Ritardi tecnici dovuti alla certificazione del voto da parte del notaio prolungano ben oltre le previsioni l'attesa dell'esito della consultazione on line, gettando nel panico osservatori nazionali e internazionali. Tocca a Luigi Di Maio, capo politico del M5s, comunicare il risultato. «Io credo», dice Di Maio in conferenza stampa alla Camera, dopo aver annunciato l'esito del voto su Rousseau, «che dobbiamo essere molto orgogliosi del fatto che tutto il mondo abbia aspettato la pronuncia di questi 80.000 cittadini italiani su una piattaforma digitale che è un unicum nel mondo. Adesso si passa all'ultimo miglio, la squadra di governo che deve lavorare per migliorare la qualità della vita della gente. Non sarà un governo di destra o di sinistra, ma un governo che deve fare le cose giuste. Siamo di fronte», aggiunge Di Maio, «a un voto plebiscitario. Con l'80% nasce un governo di coalizione di cui il M5s sarà la forza politica di maggioranza. Tutto il mondo ha aspettato questa pronuncia votata su una piattaforma digitale unica al mondo, offrendo così un metodo diverso per creare un governo, come già fatto con la Lega. In meno di un mese», sottolinea il capo politico del M5s, «è stata risolta una crisi di governo inedita attraverso un metodo diverso, non nelle segrete stanze, ma con un percorso, un programma e poi un confronto sul programma con il Pd».

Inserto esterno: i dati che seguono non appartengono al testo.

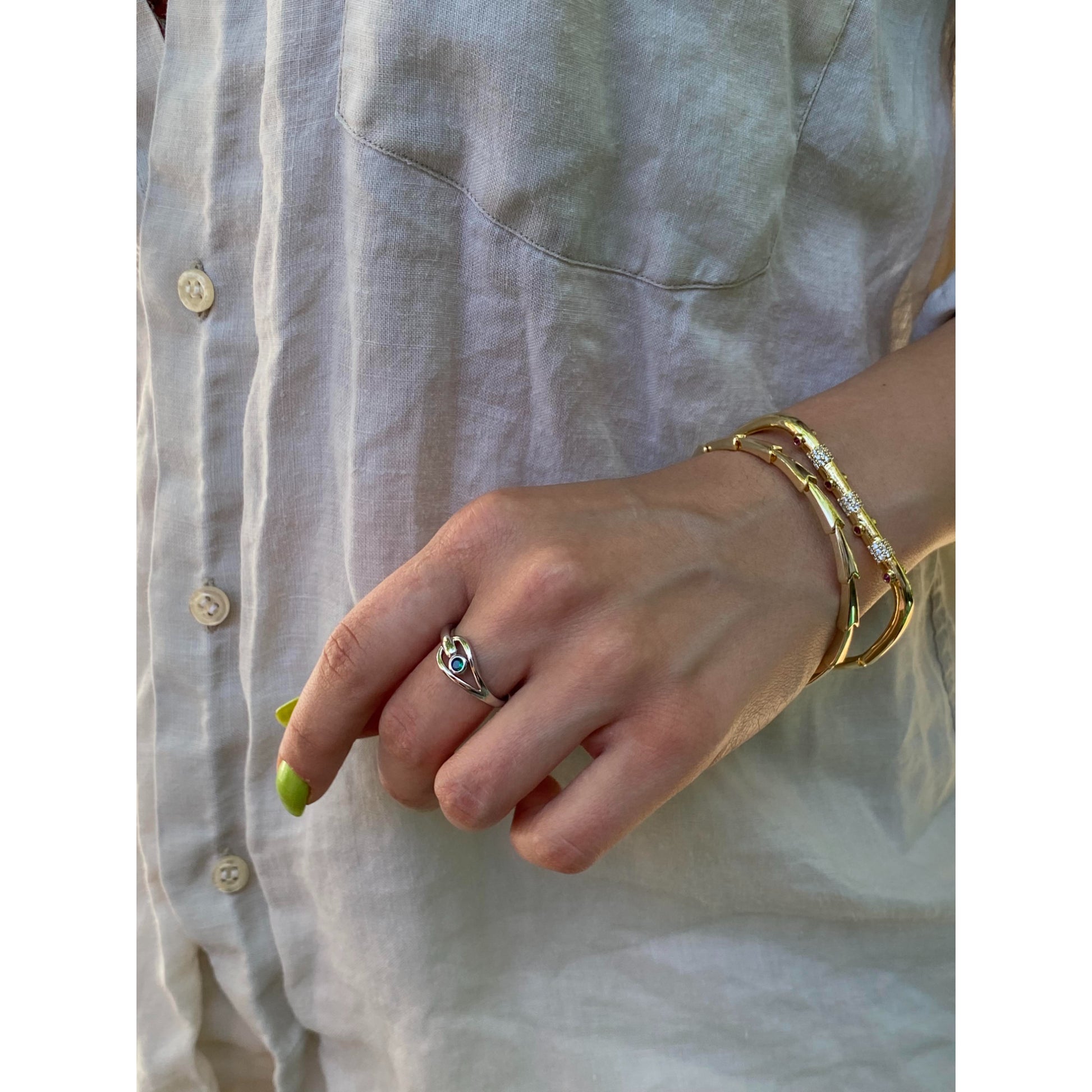 Zümrüt Taş Detaylı Gümüş Renk Minimal Yüzük

Il segretario del Pd, Nicola Zingaretti, commenta subito dopo l'esito del voto degli iscritti del M5s: «Con la chiusura del lavoro programmatico si è fatto un altro passo avanti per un governo di svolta. Ridurre le tasse sul lavoro, sviluppo economico, green economy, rilancio di scuola, università e ricerca, modifica radicale dei decreti sicurezza. Ora», conclude Zingaretti, «andiamo a cambiare l'Italia».
La giornata era iniziata alle 9, con l'avvio delle votazioni on line. Dopo poco più di mezz'ora, i primi intoppi: numerosi iscritti, tra cui anche diversi parlamentari del M5s, segnalano difficoltà nell'accesso all'area voto del sistema operativo, forse a causa delle troppe visite sul sito. «Nelle prime due ore di votazione», spiegano a mezzogiorno dall'associazione Rousseau, «dalle ore 9 alle ore 11 hanno votato 29.781 iscritti certificati. Abbiamo gestito 24.000 connessioni in contemporanea con picchi di 1.200 richieste al secondo. Si tratta di un record storico per Rousseau: un traffico addirittura 10-12 volte superiore rispetto a quello del primo turno di votazioni per la scelta dei candidati alle Europee». «Ho votato ma il voto è segreto», dice ai giornalisti Luigi Di Maio, alle 13 e 30, contribuendo ad alimentare voci di spaccature e dissapori con gli altri big del M5s, voci che verranno poi smentite dall'esito finale della votazione: l'80% di sì è il segnale che i big del partito, ma anche parlamentari ed esponenti delle istituzioni locali, si sono mossi in massa a sostegno del governo giallorosso.
Poco dopo le 14 tocca a Davide Casaleggio incontrare i giornalisti per un commento sull'andamento della votazione: «Sono qui», dice Casaleggio, «per fare un annuncio: alle 13 e 19 di oggi abbiamo superato le 56.127 votazioni da parte degli iscritti, che era l'attuale record mondiale di partecipazione on line a una votazione politica. A chi ci critica», aggiunge Casaleggio, «rispondo che quando si coinvolgono le persone queste possono scegliere. Tutti gli iscritti, e oggi abbiamo più di 100.000 iscritti, possono scegliere il futuro di una comunità e di questo dobbiamo essere molto contenti e dobbiamo iniziare anche a prendere esempio da esperienze estere».
Si arriva così alle 18, quando termina la votazione e inizia la lunga attesa dei risultati. Un'attesa che si prolunga a dismisura, con tanto di blocco della piattaforma, probabilmente a causa dei troppi accessi. Di Maio convoca per le 18 e 30 una conferenza stampa, ma fino alle 19 e 27 non arriva più nessuna comunicazione. Poi, l'annuncio di Di Maio. È iniziato il governo del Conte rosso, ora l'incognita è: quanto durerà?
Carlo Tarallo
Zingaretti festeggia, ma il successo è di Renzi
Il Nazareno ha tirato un sospiro di sollievo. La consultazione avvenuta ieri sulla piattaforma Rousseau si è espressa a larghissima maggioranza in favore di un esecutivo targato Pd e Movimento 5 stelle, dando così la propria benedizione a un governo Conte bis.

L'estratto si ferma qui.